Task prompt: A precise reproduction of every record below is needed, minus the pictures.

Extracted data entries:
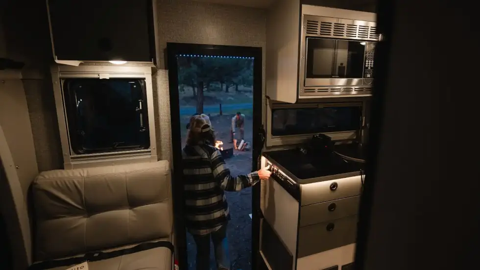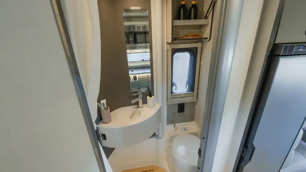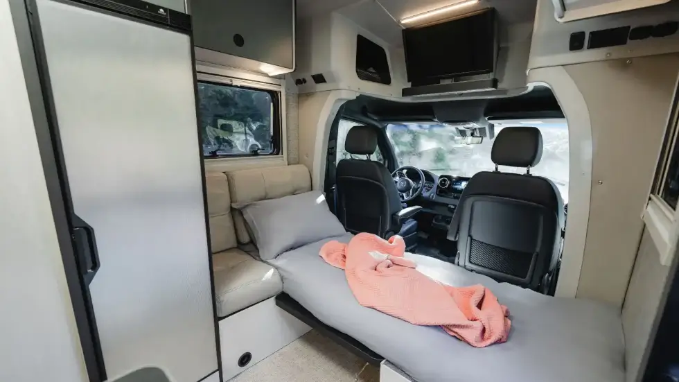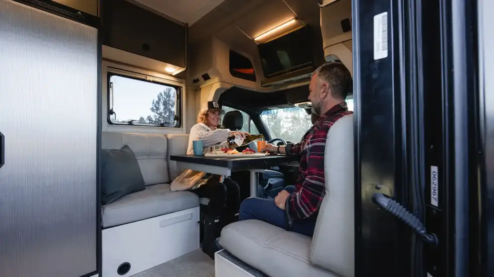 Prepare meals with ease as the galley features laminate coutertops, a portable single-burner induction range top, microwave/convection oven, a single-door fridge, sink with faucet, and plenty of storage for your supplies. The EKKO Sprinter includes a 13,500 BTU air conditioner and Truma VarioHeat system for climate control.
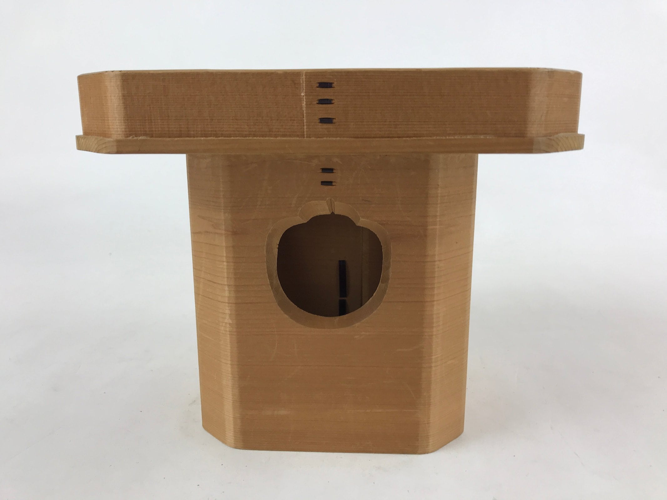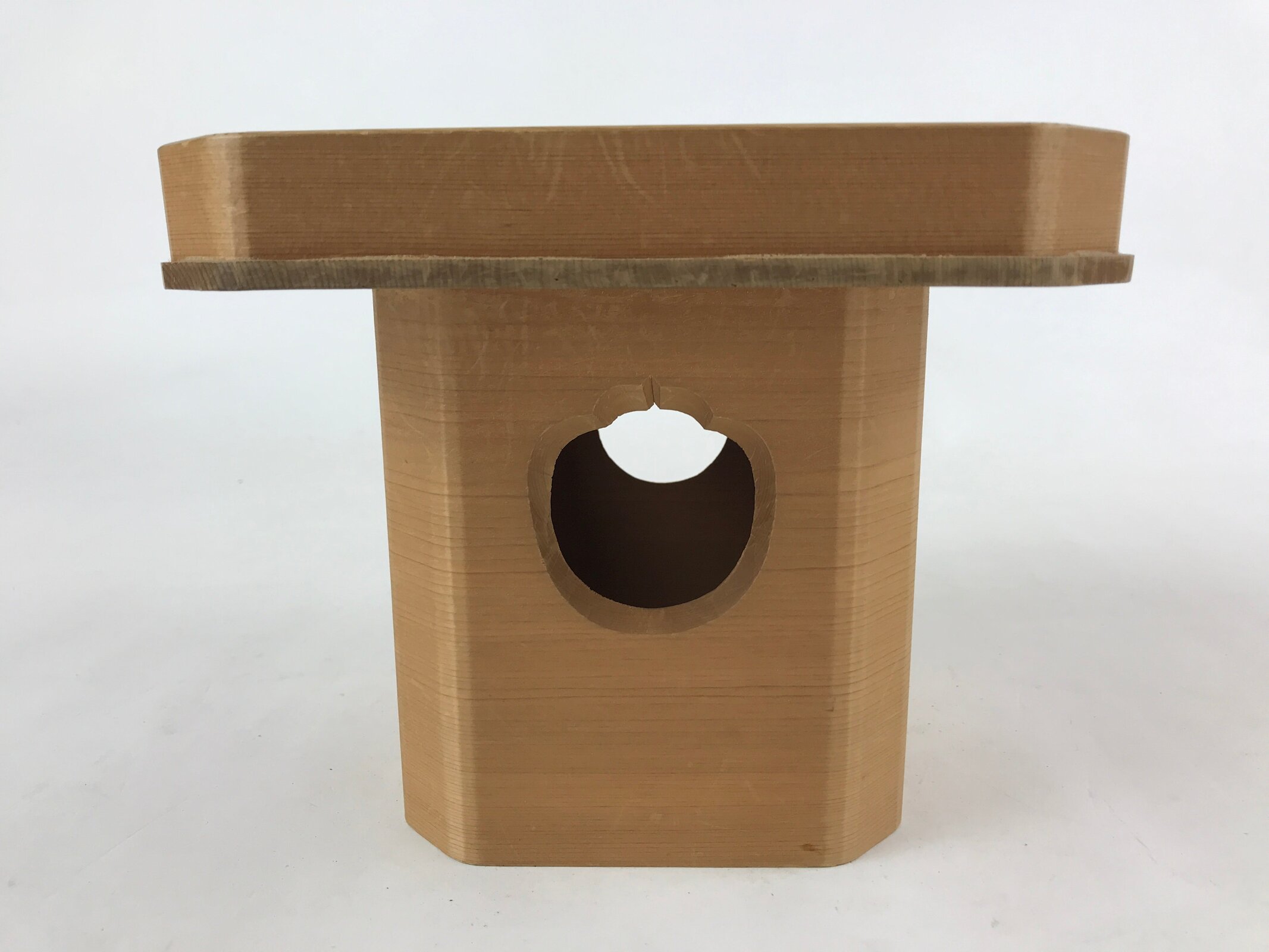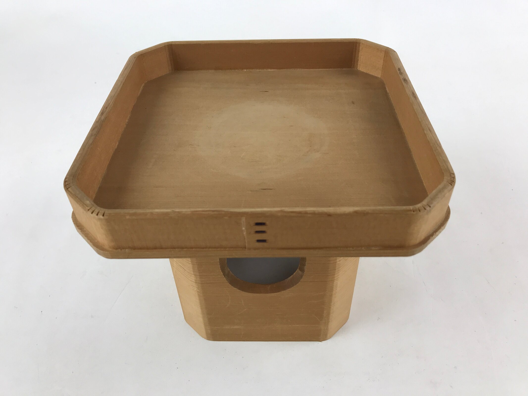 This is a vintage wooden offering tray stand for Shinto and Buddhist ceremonies called sanbou or sanpo respectively. Made of classic cypress wood, it has eight sides and stands on a similarly shaped pedestal. It is used to make offerings to Shinto gods, to represent the Three Treasures of Buddhism (Sangha, Dharma, and Buddha), as well as to present objects to noble people in ancient times.
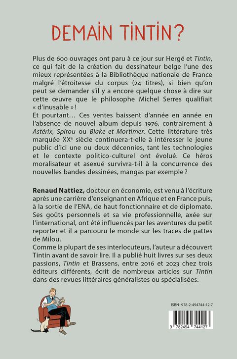 Plus de 600 ouvrages ont paru à ce jour sur Hergé et Tintin, ce qui fait de la création du dessinateur belge l’une des mieux représentées à la BNF malgré l’étroitesse du corpus, si bien qu’on peut se demander s’il y a encore quelque chose à dire sur cette oeuvre que le philosophe Michel Serres qualifiait « d’inusable » !Et pourtant… Les ventes baissent d’année en année en l’absence de nouvel album depuis 1976, contrairement à Astérix, Spirou ou Blake et Mortimer. Cette littérature très marquée XXe siècle continuera-t-elle à intéresser le jeune public d’ici une ou deux décennies, tant les technologies et le contexte politico-culturel ont évolué ? Ce héros moralisateur et asexué survivra-t-il à la concurrence des nouvelles bandes dessinées ?Peut-on croire en la pérennité ou même simplement en un avenir à court ou moyen terme pour ce petit reporter trop lisse issu d’un univers désuet et sans femmes, et quels sont les moyens pour y parvenir ? Ce sont quelques-unes des questions posées par Renaud Nattiez à sept des meilleurs connaisseurs actuels de Tintin dont les plus grands biographes, certains ayant fréquenté Hergé : Albert Algoud, Jean-Marie Apostolidès, Pierre Assouline, Philippe Goddin, Jacques Langlois, Benoît Peeters et Numa Sadoul. Recueillir leur témoignage aura été une façon indirecte d’échanger avec le « Maître », Georges Remi, que Renaud Nattiez n’a jamais eu l’heur de rencontrer !
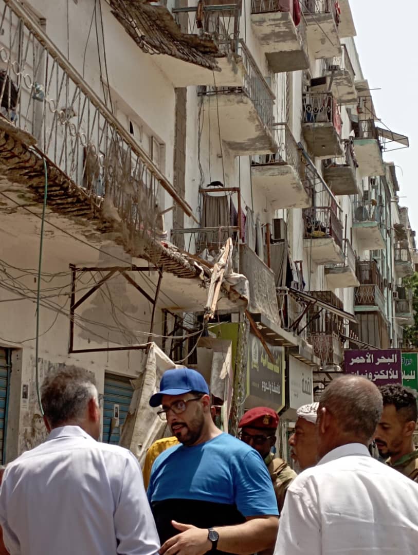 تفقد وكيل العاصمة عدن الأستاذ عبد الرؤوف زبن السقاف، صباح اليوم، موقع انهيار جانب من شرفات إحدى العمارات بالشارع الرئيسي بمديرية المعلا، فور الإبلاغ بوقوع الحادث، للوقوف على تداعيات الموقف واتخاذ كافة الإجراءات اللازمة بشأنه، والذي لم يسفر عن أي حالات إصابة في أوساط المواطنين، وكان ذلك وحضور مدير المديرية المعلا الأستاذ عبد الرحيم الجاوي ومدير شرطة المديرية العقيد فضل الجحافي، وبعض القيادات الأمنية بالمديرية،
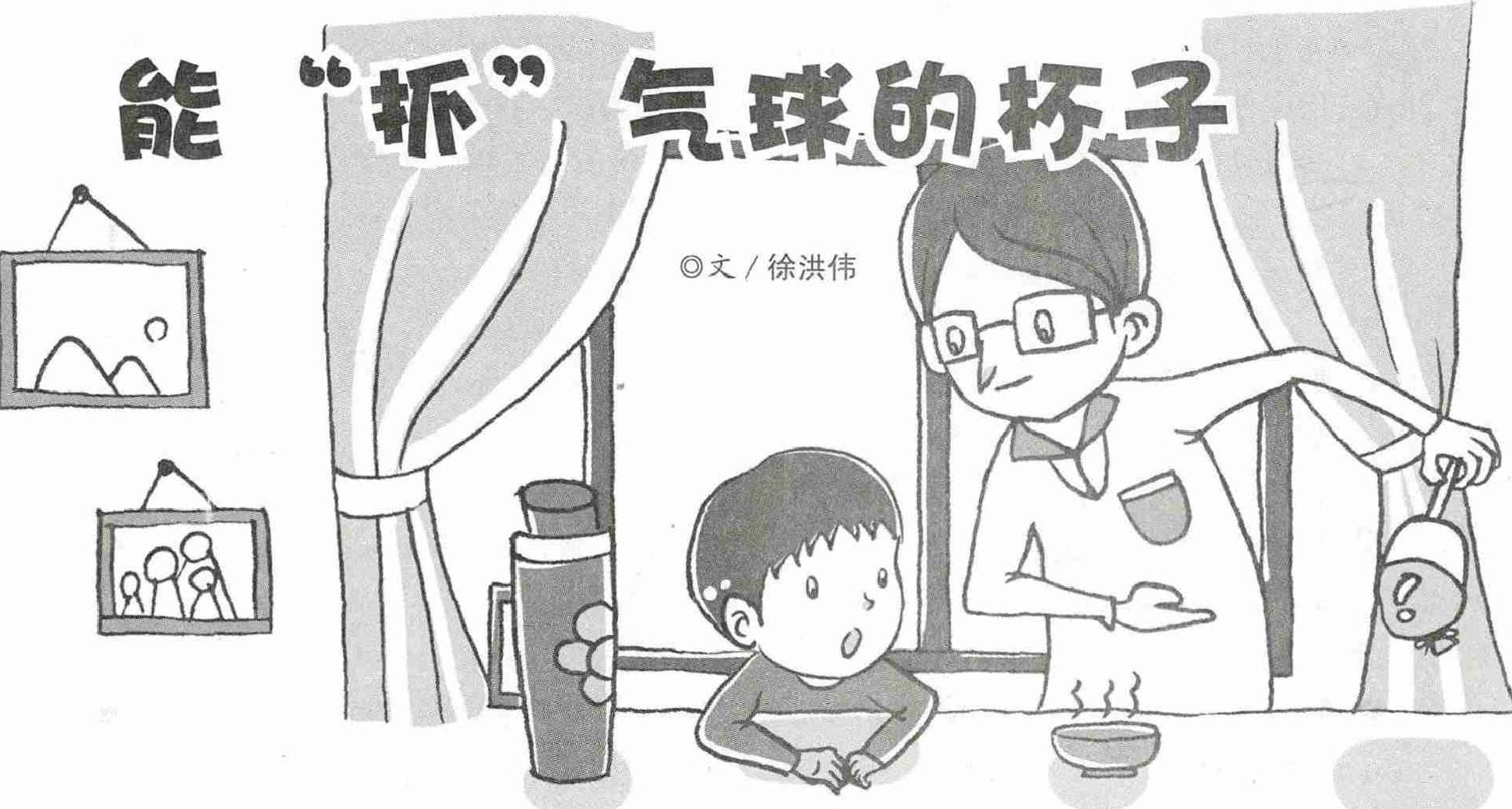 “不行吧,看我的!”爸爸说着,接过小豆丁手中的杯子,往杯子里倒了半杯热水,“稍等片刻……”大概20秒钟之后,爸爸把杯子里的热水倒出,同时迅速将杯口紧密地倒扣在气球上,然后轻轻地提起了杯子。

Output of the task:
 Prepare meals with ease as the galley features laminate coutertops, a portable single-burner induction range top, microwave/convection oven, a single-door fridge, sink with faucet, and plenty of storage for your supplies. The EKKO Sprinter includes a 13,500 BTU air conditioner and Truma VarioHeat system for climate control.
 This is a vintage wooden offering tray stand for Shinto and Buddhist ceremonies called sanbou or sanpo respectively. Made of classic cypress wood, it has eight sides and stands on a similarly shaped pedestal. It is used to make offerings to Shinto gods, to represent the Three Treasures of Buddhism (Sangha, Dharma, and Buddha), as well as to present objects to noble people in ancient times.
 Plus de 600 ouvrages ont paru à ce jour sur Hergé et Tintin, ce qui fait de la création du dessinateur belge l’une des mieux représentées à la BNF malgré l’étroitesse du corpus, si bien qu’on peut se demander s’il y a encore quelque chose à dire sur cette oeuvre que le philosophe Michel Serres qualifiait « d’inusable » !Et pourtant… Les ventes baissent d’année en année en l’absence de nouvel album depuis 1976, contrairement à Astérix, Spirou ou Blake et Mortimer. Cette littérature très marquée XXe siècle continuera-t-elle à intéresser le jeune public d’ici une ou deux décennies, tant les technologies et le contexte politico-culturel ont évolué ? Ce héros moralisateur et asexué survivra-t-il à la concurrence des nouvelles bandes dessinées ?Peut-on croire en la pérennité ou même simplement en un avenir à court ou moyen terme pour ce petit reporter trop lisse issu d’un univers désuet et sans femmes, et quels sont les moyens pour y parvenir ? Ce sont quelques-unes des questions posées par Renaud Nattiez à sept des meilleurs connaisseurs actuels de Tintin dont les plus grands biographes, certains ayant fréquenté Hergé : Albert Algoud, Jean-Marie Apostolidès, Pierre Assouline, Philippe Goddin, Jacques Langlois, Benoît Peeters et Numa Sadoul. Recueillir leur témoignage aura été une façon indirecte d’échanger avec le « Maître », Georges Remi, que Renaud Nattiez n’a jamais eu l’heur de rencontrer !
 تفقد وكيل العاصمة عدن الأستاذ عبد الرؤوف زبن السقاف، صباح اليوم، موقع انهيار جانب من شرفات إحدى العمارات بالشارع الرئيسي بمديرية المعلا، فور الإبلاغ بوقوع الحادث، للوقوف على تداعيات الموقف واتخاذ كافة الإجراءات اللازمة بشأنه، والذي لم يسفر عن أي حالات إصابة في أوساط المواطنين، وكان ذلك وحضور مدير المديرية المعلا الأستاذ عبد الرحيم الجاوي ومدير شرطة المديرية العقيد فضل الجحافي، وبعض القيادات الأمنية بالمديرية،
 “不行吧,看我的!”爸爸说着,接过小豆丁手中的杯子,往杯子里倒了半杯热水,“稍等片刻……”大概20秒钟之后,爸爸把杯子里的热水倒出,同时迅速将杯口紧密地倒扣在气球上,然后轻轻地提起了杯子。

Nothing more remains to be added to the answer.